Repository files navigation

README

Below we provide code for non-standard analyses. This repo also contains all data required to reproduce the analyses.

  • Putative horizontal gene transfer
  • Create database for adaptive sequencing
  • Analysis of experiment that switched adaptive sequencing on and off
  • Bayesian regression model of target count

Setup

Dependencies:

conda create -n adaptive -y -c bioconda mummer mmseqs2 prodigal samtools minimap2
conda activate adaptive
pip install screed tqdm numpy pandas matplotlib 

# This could be installed in a separate environment to speed up installations:
conda install -c r r-tidyverse

Data

All basecalled nanopore sequencing data has been deposited with the SRA, NCBI. Metagenomic reads are available under project ID PRJNA788147. Reads from isolate genomes, the Flongle flow cell and the experiment alternating between adaptive and standard state have been deposited under project ID PRJNA788148 under their respective sample ID (Raoultella ornithinolytica: SAMN23928631, Citrobacter freundii: SAMN23928632, Citrobacter amalonaticus: SAMN23928633).

To make download the sequencing data more convenient, we mirrored the SRA data on OSF for batch download:

# Clone code and required data from repo
git clone https://github.com/phiweger/adaptive
cd adaptive

# Download raw sequencing data from OSF project https://osf.io/8p9t4/
pip install osfclient
osf -p 8p9t4 clone
mv 8p9t4/osfstorage/sequencing .
# This should create a folder "sequencing" that contains the raw seq data.
  • A2 .. Raoultella ornithinolytica
  • B1 .. Citrobacter freundii (same as A1, not used here)
  • B2 .. Citrobacter amalonaticus

Putative horizontal gene transfer

Pairwise align isolate genomes and MAGs and parse all genes longer than 1 kb and 99% sequence identity.

from glob import glob
from itertools import combinations, islice
import subprocess
import os
from pathlib import Path

import screed
from tqdm import tqdm


assemblies = [Path(f'assemblies/{i}.fna') for i in ['A2', 'B1', 'B2']]
d = {i.name.replace('.fna', ''): str(i.resolve()) for i in assemblies}

bins = Path('metagenome/MAGs_uncultured/')
d2 = {i.name.replace('.fa', ''): str(i.resolve()) for i in bins.glob('*.fa')}
d2 = {k.replace('.', '_'): v for k, v in d2.items()}
d.update(d2)


# Pairwise genome alignment
p = Path('tmp/')
p.mkdir(parents=True, exist_ok=True)

for i, j in tqdm(combinations(d, 2)):
    name = f'{i}__{j}'  # dunder
    print(name)
    subprocess.run(['nucmer', '-p', f'tmp/{name}', d[i], d[j]])
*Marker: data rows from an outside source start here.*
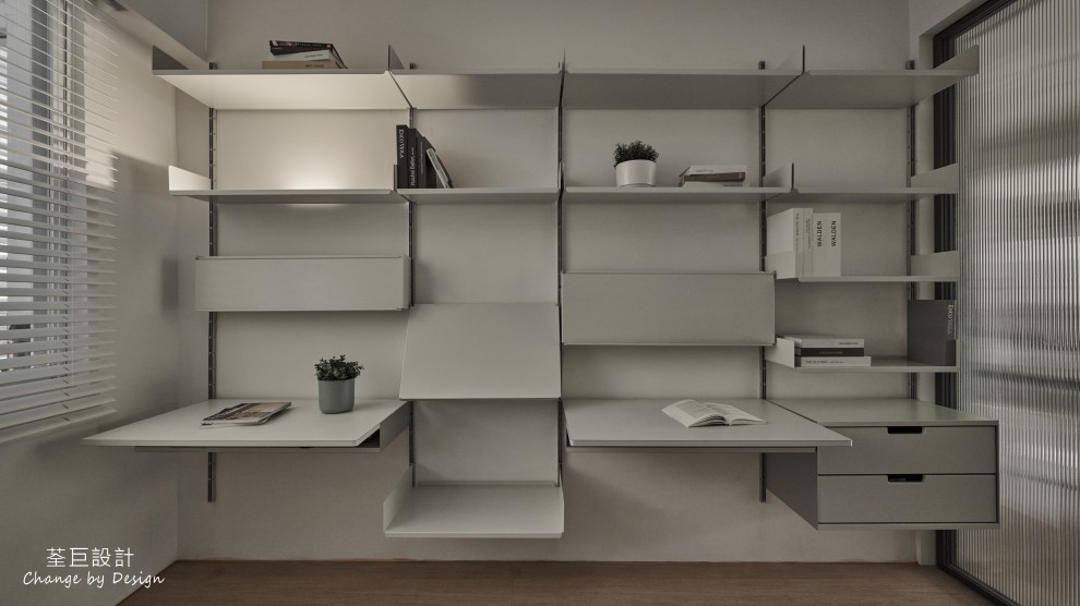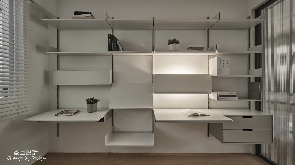 書房錯落的層板設計,不同的燈源打下,為書房帶來不同的溫暖氛圍,不僅兼顧了美感和實用性,更是給人帶來了靈感的源泉。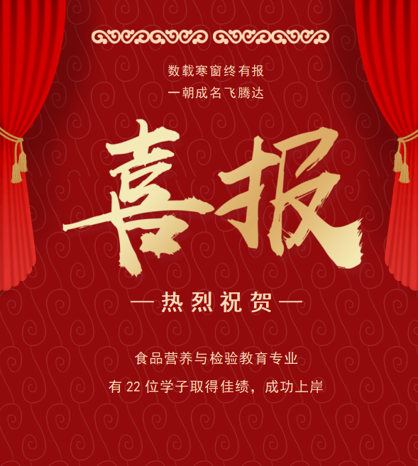截至目前,食品营养与检验教育专业2023届毕业生共有22位优秀学子在考研的战场上取得佳绩,成功上岸。其中,有五位同学分别被985、211、双一流高校录取。行远自弥,他们风雨兼程;前路璀璨,他们未来可期。食品学院学子以实干笃定前行,用汗水浇灌出梦想之花。真正有价值的事情,都不是轻轻松松能完成的。清醒的克制,暗暗许下的承诺和辛勤的汗水共同绘就了这似锦的前程画卷。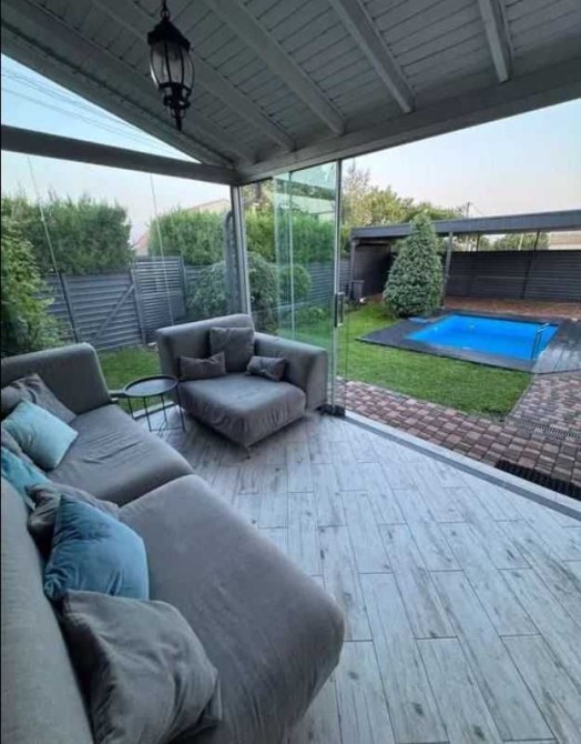 Ділянка 7 соток Басейн з фільтраційною системою Застеклена веранда з розсувними секціями Альтанка з барбекю та тандиром Ландшафтний дизайн з газоном та автополивом Критий паркувальний майданчик з автоматичними ролетами Комфорт та оснащення 7 кондиціонерів (Gree, CH)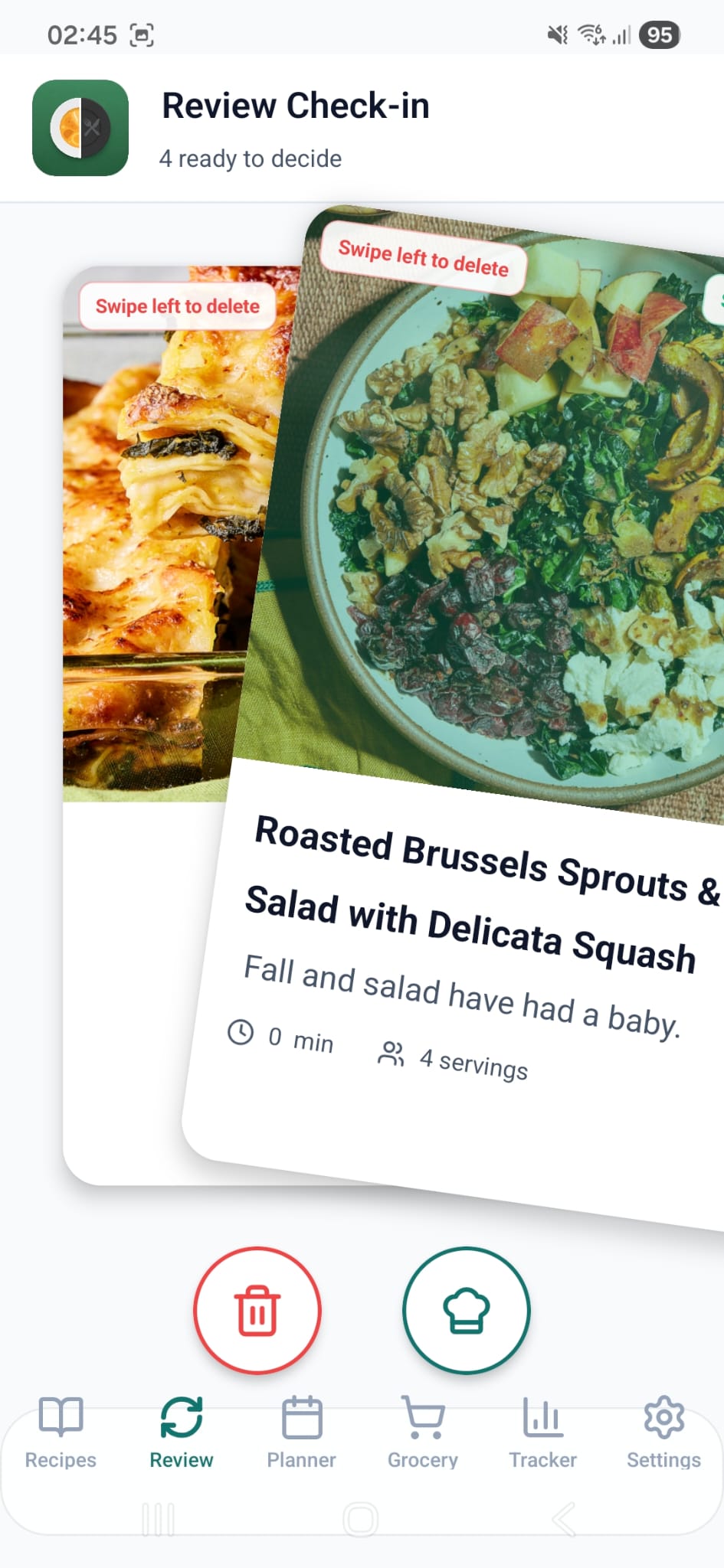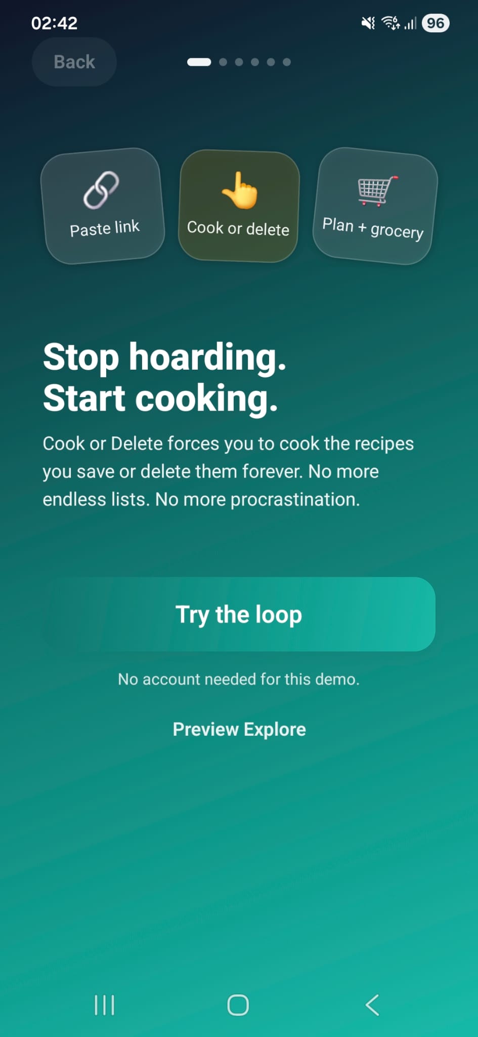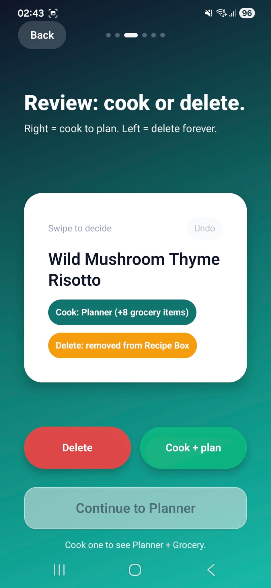 Users import recipes from links or social media into a simple inbox. Once per week, the app prompts them to make a decision for each recipe: cook it this week or delete it.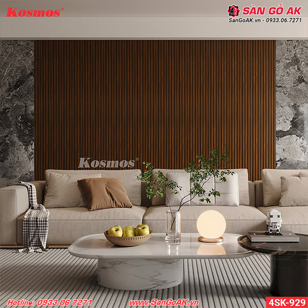 Ốp tường phòng khách với lam sóng 4SK-929 vân gỗ nâu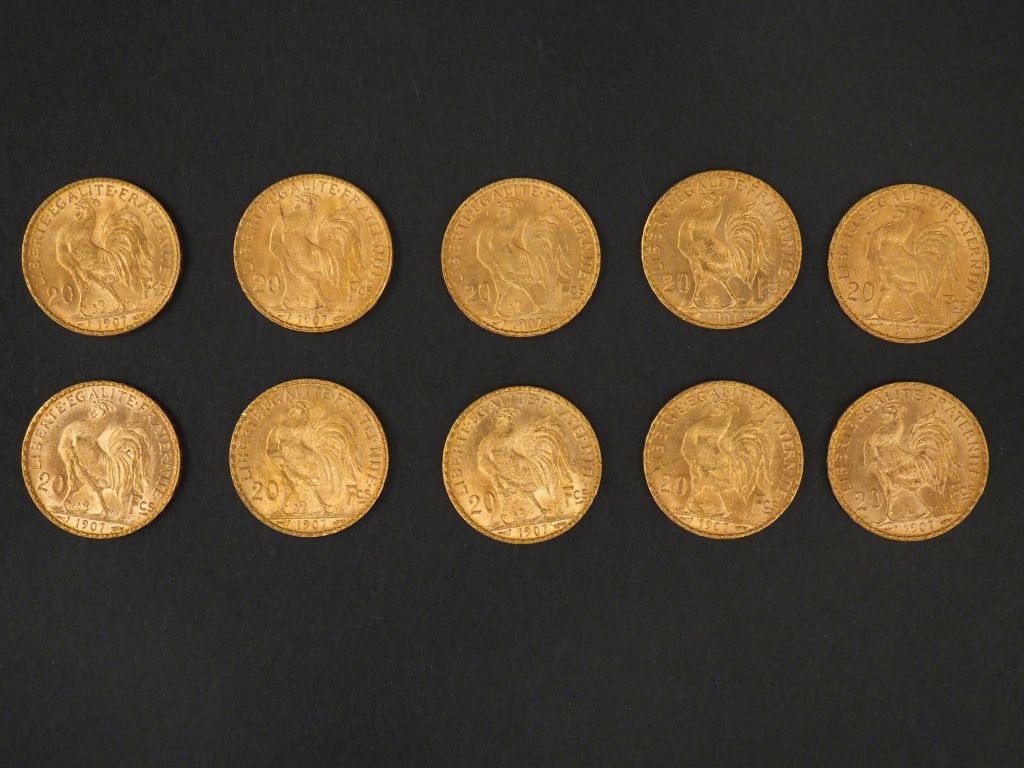 Dix pièces de 20 Francs or, 1907. FRAIS ACHETEURS 5% TTC.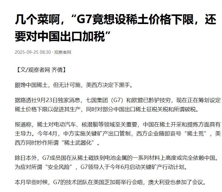 幾個菜啊,“G7竟想設稀土價格下限,還要對中國出口加稅”,觀察者網,2025-09-25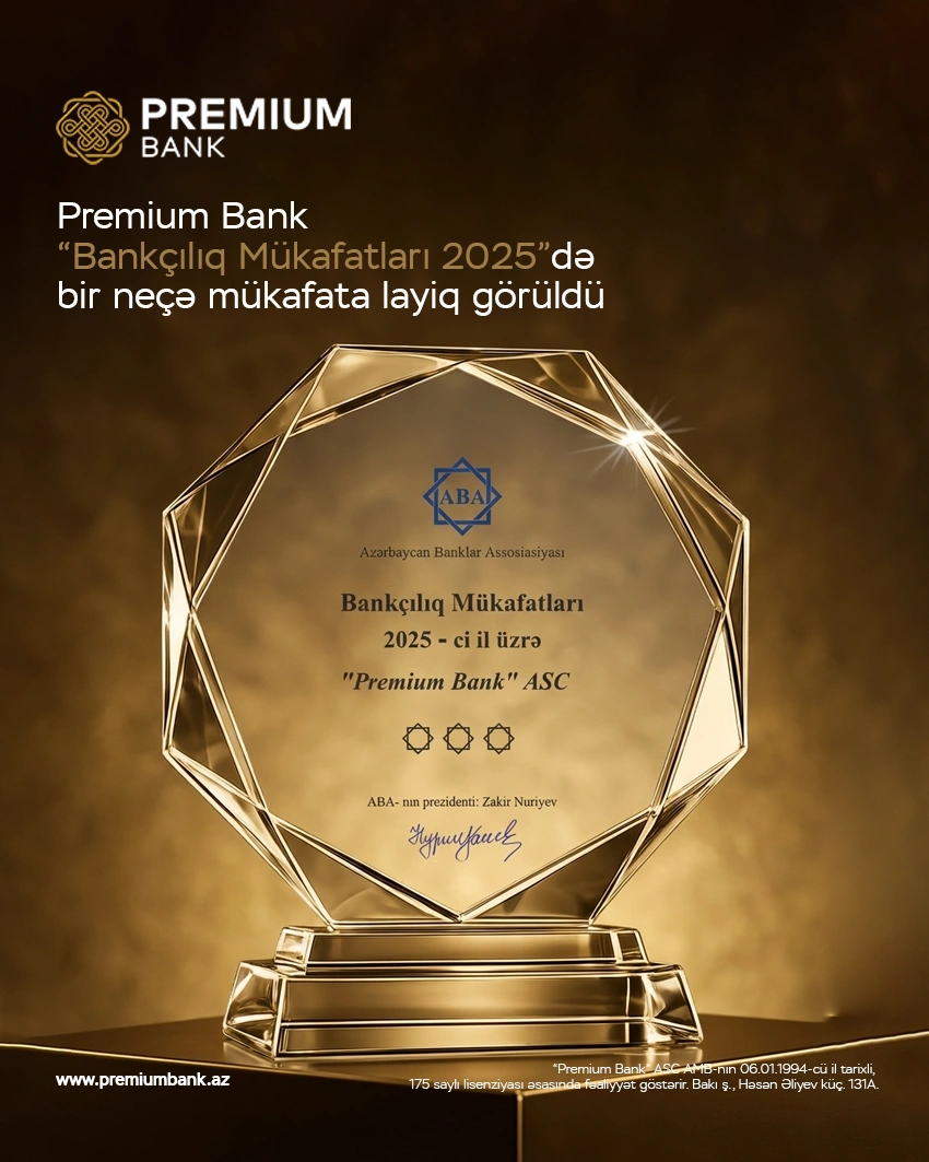 Premium Bank, Azərbaycan Banklar Assosiasiyası (ABA) tərəfindən təşkil olunan “Bankçılıq Mükafatları – 2025” təşəbbüsü çərçivəsində üç mühüm nominasiya üzrə mükafata layiq görülüb. Bankın fəaliyyəti kommersiya banklarının performansı və cəmiyyətə verdiyi töhfələr əsasında yüksək qiymətləndirilib.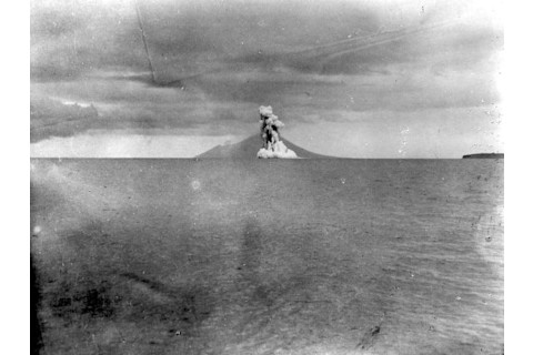 Anak Krakatau, or "Child of Krakatoa," spews ash during the 1920s. The volcano rose up after Krakatoa island was destroyed following the massive eruption in 1883. (Source: Tropenmuseum, via Wikimedia Commons) It took more than 40 years for Anak Krakatau to rise up from the undersea remains of Krakatoa. You can see it erupting in 1928 in the photograph above.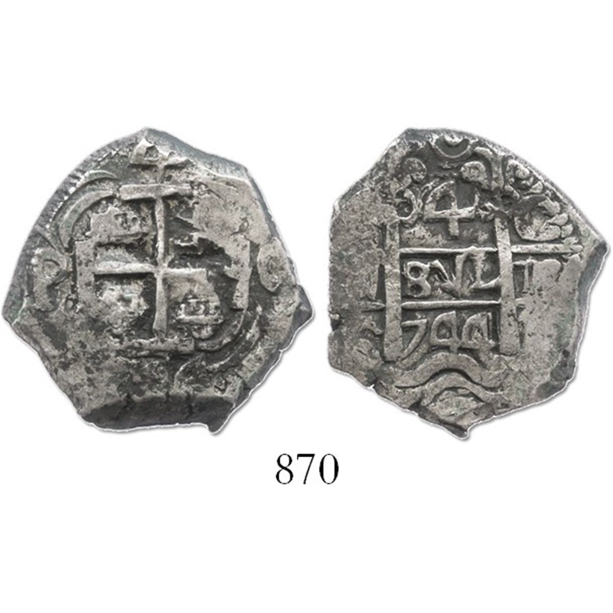 Potosi, Bolivia, cob 4 reales, 1744C. S-P49; KM-30a; CT-1129. 13.7 grams. Well-centered strike with nice full pillars-and-waves and cross, 2 dates and parts of all 3 assayers, XF with patchy toning.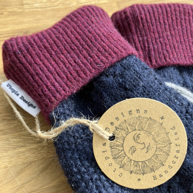 Handmade mittens made from upcycled jumpers, finished with a natural cork tag.

Now retrieve all shared elements with a minimum:

  • alignment nucleotide identity (0.999)
  • alignment length (1 kb)
# stackoverflow.com/questions/965053
for i in $(find tmp -name '*.delta'); do
    filename=$(basename -- "$i")
    name="${filename%.*}"
    echo $name
    
    dnadiff -p tmp/${name} -d $i
    # Create a bed for all shared entries with a homology > 99.9%
    cut -f1,2,7,12 tmp/${name}.mcoords | \
    awk -v 'OFS=\t' '{print $4,$1,$2,$3}' | \
    awk '$4>=99.9' > tmp/${name}.bed
done
from glob import glob
from itertools import product
import os

import numpy as np
import pandas as pd

import matplotlib
import matplotlib.pyplot as plt


# params
minlen = 1000


files = glob('tmp/*.bed')
m = {}  # matrix

for i in files:
    c1, c2 = os.path.basename(i).replace('.bed', '').split('__')
    try:
        df = pd.read_csv(i, sep='\t', header=None)
        cnt = 0
        for _, j in df.iterrows():
            if j[2] - j[1] > minlen:
                cnt += 1
        m[(c1, c2)] = cnt

    except pd.errors.EmptyDataError:
        m[(c1, c2)] = 0
        continue


ix = sorted(set([item for sublist in m.keys() for item in sublist]))
M = np.zeros([len(ix), len(ix)])

for n, i in enumerate(ix):
    for c1, c2 in product([i], ix):
        if not c1 == c2:
            try:
                M[n, ix.index(c2)] = m[(c1, c2)]
            except KeyError:
                M[n, ix.index(c2)] = m[(c2, c1)]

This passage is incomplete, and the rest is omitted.